» DATA
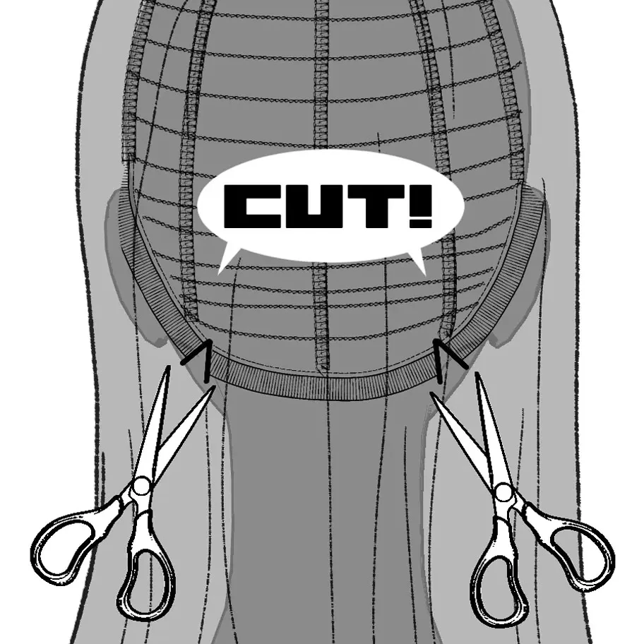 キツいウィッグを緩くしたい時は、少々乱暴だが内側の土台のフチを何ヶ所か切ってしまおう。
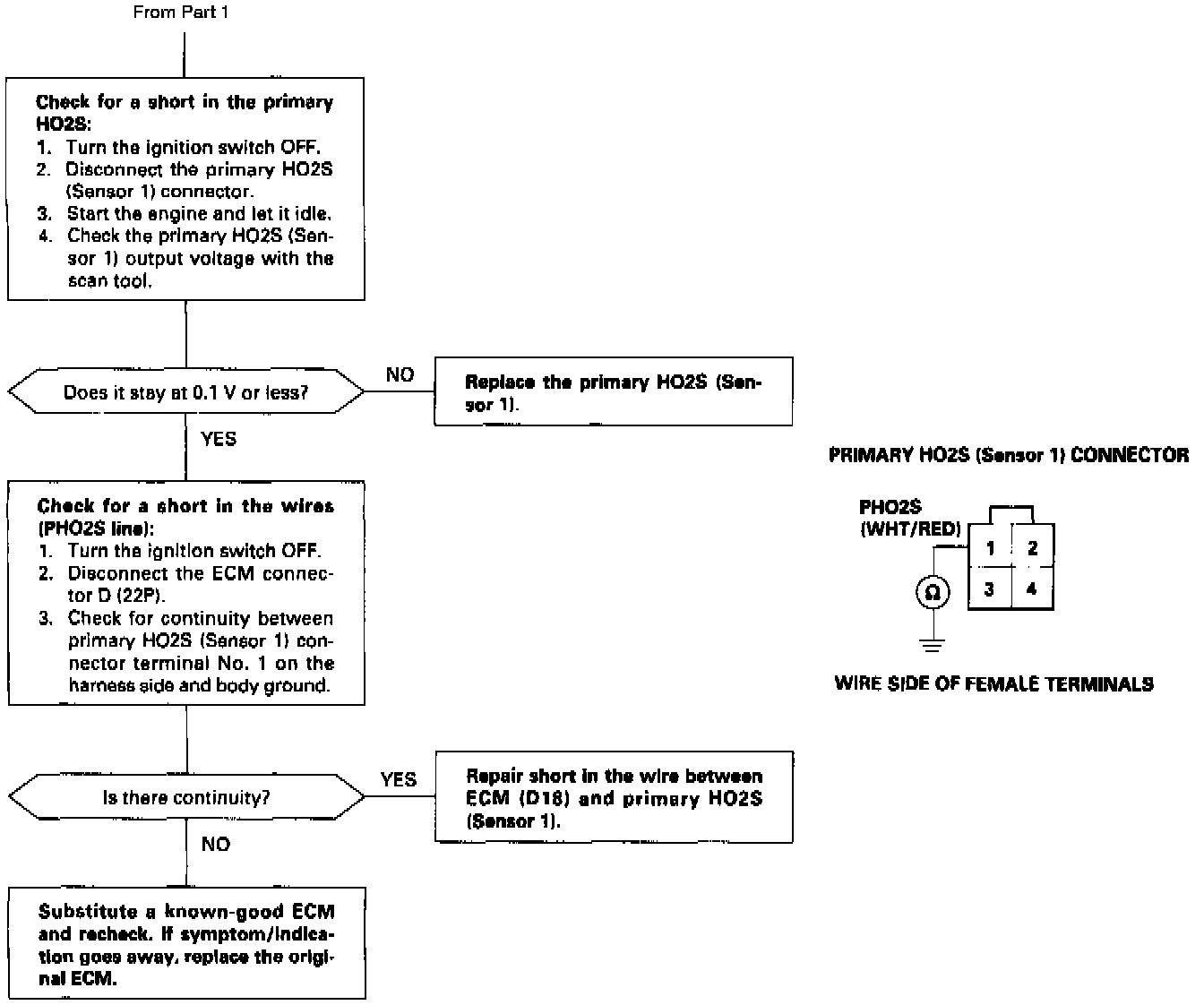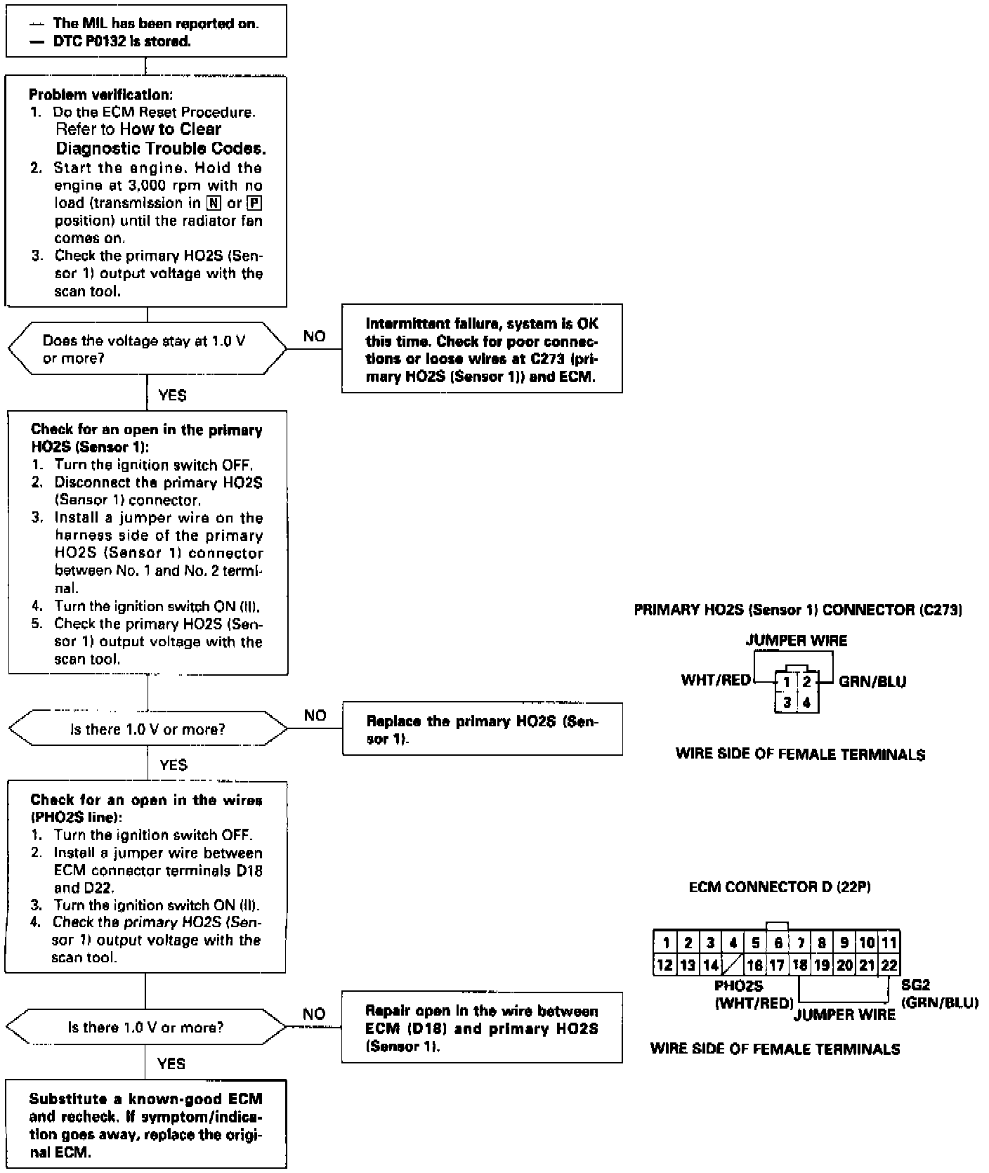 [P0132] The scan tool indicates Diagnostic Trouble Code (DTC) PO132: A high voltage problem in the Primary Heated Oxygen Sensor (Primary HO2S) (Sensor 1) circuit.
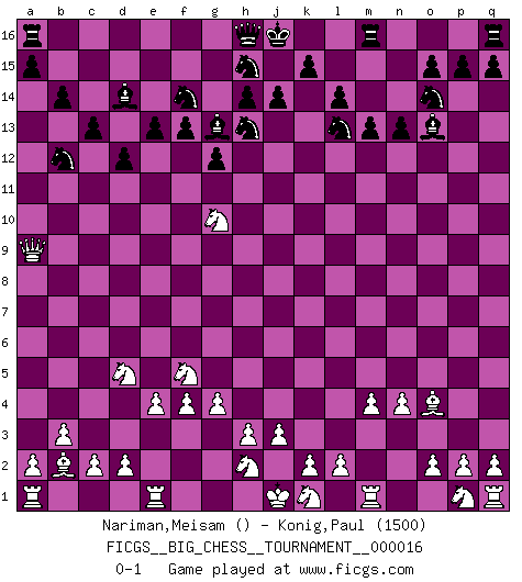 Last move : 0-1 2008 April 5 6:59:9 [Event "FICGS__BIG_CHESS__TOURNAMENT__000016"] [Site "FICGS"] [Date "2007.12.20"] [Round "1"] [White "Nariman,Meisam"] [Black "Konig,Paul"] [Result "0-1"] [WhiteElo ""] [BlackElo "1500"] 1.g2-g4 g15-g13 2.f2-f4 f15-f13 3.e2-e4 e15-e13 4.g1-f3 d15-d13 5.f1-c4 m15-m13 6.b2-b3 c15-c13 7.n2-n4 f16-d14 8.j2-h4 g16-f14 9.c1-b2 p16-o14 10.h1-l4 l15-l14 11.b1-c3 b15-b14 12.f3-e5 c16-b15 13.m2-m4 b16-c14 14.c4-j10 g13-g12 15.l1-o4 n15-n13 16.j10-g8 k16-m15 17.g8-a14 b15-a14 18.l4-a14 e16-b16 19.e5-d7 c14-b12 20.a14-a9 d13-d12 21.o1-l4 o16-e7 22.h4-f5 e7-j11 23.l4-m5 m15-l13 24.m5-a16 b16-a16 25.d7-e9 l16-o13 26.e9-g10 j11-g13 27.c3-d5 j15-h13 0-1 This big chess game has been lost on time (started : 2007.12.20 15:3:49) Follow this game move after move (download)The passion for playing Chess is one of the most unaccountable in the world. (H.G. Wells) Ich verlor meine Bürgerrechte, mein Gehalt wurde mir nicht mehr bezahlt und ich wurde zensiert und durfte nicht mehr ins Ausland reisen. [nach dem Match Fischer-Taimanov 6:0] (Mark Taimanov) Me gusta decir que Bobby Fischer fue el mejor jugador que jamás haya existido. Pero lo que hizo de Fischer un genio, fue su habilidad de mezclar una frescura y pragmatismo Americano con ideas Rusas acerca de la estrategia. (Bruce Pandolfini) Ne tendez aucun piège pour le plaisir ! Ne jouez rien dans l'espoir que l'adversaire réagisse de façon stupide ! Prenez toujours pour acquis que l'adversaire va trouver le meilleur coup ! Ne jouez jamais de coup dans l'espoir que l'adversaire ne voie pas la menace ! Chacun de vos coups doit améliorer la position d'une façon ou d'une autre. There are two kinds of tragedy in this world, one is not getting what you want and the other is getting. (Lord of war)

» TASK REQUIREMENTS
Please restate the whole listing exactly, without any of its pictures.

» TASK SOLUTION
 キツいウィッグを緩くしたい時は、少々乱暴だが内側の土台のフチを何ヶ所か切ってしまおう。
 [P0132] The scan tool indicates Diagnostic Trouble Code (DTC) PO132: A high voltage problem in the Primary Heated Oxygen Sensor (Primary HO2S) (Sensor 1) circuit.
 Last move : 0-1 2008 April 5 6:59:9 [Event "FICGS__BIG_CHESS__TOURNAMENT__000016"] [Site "FICGS"] [Date "2007.12.20"] [Round "1"] [White "Nariman,Meisam"] [Black "Konig,Paul"] [Result "0-1"] [WhiteElo ""] [BlackElo "1500"] 1.g2-g4 g15-g13 2.f2-f4 f15-f13 3.e2-e4 e15-e13 4.g1-f3 d15-d13 5.f1-c4 m15-m13 6.b2-b3 c15-c13 7.n2-n4 f16-d14 8.j2-h4 g16-f14 9.c1-b2 p16-o14 10.h1-l4 l15-l14 11.b1-c3 b15-b14 12.f3-e5 c16-b15 13.m2-m4 b16-c14 14.c4-j10 g13-g12 15.l1-o4 n15-n13 16.j10-g8 k16-m15 17.g8-a14 b15-a14 18.l4-a14 e16-b16 19.e5-d7 c14-b12 20.a14-a9 d13-d12 21.o1-l4 o16-e7 22.h4-f5 e7-j11 23.l4-m5 m15-l13 24.m5-a16 b16-a16 25.d7-e9 l16-o13 26.e9-g10 j11-g13 27.c3-d5 j15-h13 0-1 This big chess game has been lost on time (started : 2007.12.20 15:3:49) Follow this game move after move (download)The passion for playing Chess is one of the most unaccountable in the world. (H.G. Wells) Ich verlor meine Bürgerrechte, mein Gehalt wurde mir nicht mehr bezahlt und ich wurde zensiert und durfte nicht mehr ins Ausland reisen. [nach dem Match Fischer-Taimanov 6:0] (Mark Taimanov) Me gusta decir que Bobby Fischer fue el mejor jugador que jamás haya existido. Pero lo que hizo de Fischer un genio, fue su habilidad de mezclar una frescura y pragmatismo Americano con ideas Rusas acerca de la estrategia. (Bruce Pandolfini) Ne tendez aucun piège pour le plaisir ! Ne jouez rien dans l'espoir que l'adversaire réagisse de façon stupide ! Prenez toujours pour acquis que l'adversaire va trouver le meilleur coup ! Ne jouez jamais de coup dans l'espoir que l'adversaire ne voie pas la menace ! Chacun de vos coups doit améliorer la position d'une façon ou d'une autre. There are two kinds of tragedy in this world, one is not getting what you want and the other is getting. (Lord of war)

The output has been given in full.